INNOVATING THE PAST: CLASSICAL RHETORIC AS A FOUNDATION COURSE FOR SUCCESSFUL UNDERGRADUATE LEARNING IN THE LIBERAL ARTS AND SCIENCES
M. Burke
Roosevelt Academy Middelburg (Utrecht University) (NETHERLANDS)
This presentation will put forward a case based on some emerging qualitative data that classical rhetoric can successfully function in a modern university setting as a paradoxically innovative foundation course for undergraduate students in a liberal arts and sciences, thus empowering students with a range of strategies and heuristics to tackle and successfully negotiate their choice of major. The setting in question is the Roosevelt Academy (RA) in Middleburg in the Netherlands: an honor’s colleague of Utrecht University that houses 600 students who follow a liberal arts and sciences program. The arts and humanities majors among this group are obliged to take a first-year course entitled ‘an introduction to rhetoric and argumentation’. Many other sciences and social sciences students take it as an optional skills subject.
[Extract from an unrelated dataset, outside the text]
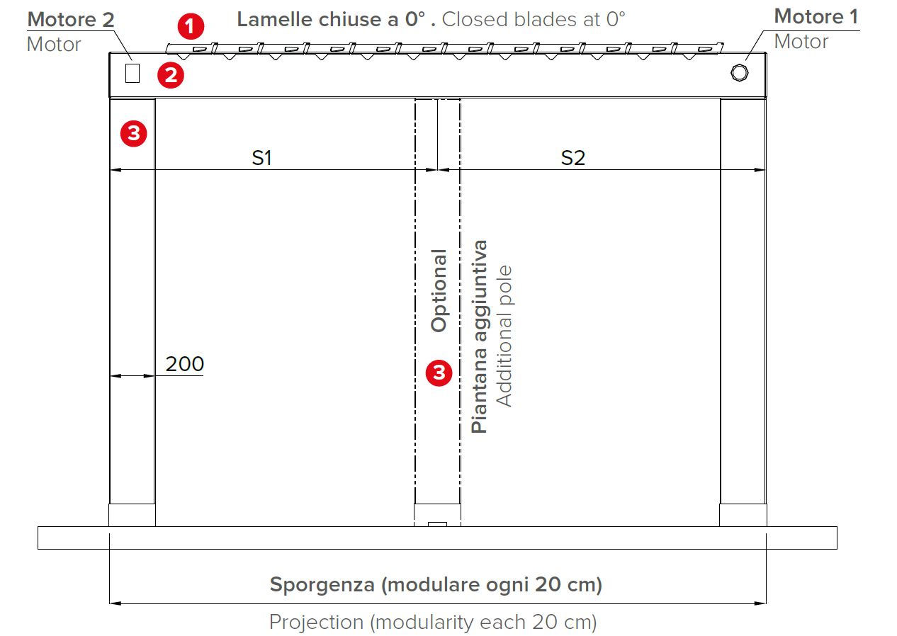Střecha pergoly se skládá z hliníkových lamel, každá o šířce 22,8 cm a výšce 5,2 cm. Díky dvěma samostatným motorům lze lamely nejen natáčet, ale i přesunout na stranu. Lamely lze podle potřeby otevřít v rozmezí 0° až 70°. Podle orientace lamel bude konstrukce nabízet úplnou nebo částečnou ochranu před sluncem, bezpečný úkryt před deštěm a příjemný prostor díky možnosti prostupu teplého vzduchu střechou.

It is in this course where students encounter, and learn to work with, the tools that will help them to discover, order, stylize and present their future arguments and papers in a clear, ethical and persuasive manner. The pedagogical tools that classical rhetoric offers undergraduate students may seem dated and redundant in our multimedia age, but technology and techne may prove to be far more integrative than one might first surmise. Moreover, findings are starting to suggest that classical rhetoric is alive and well in our modern universities. Rhetoric not only has a rich history, but also a promising and innovative future.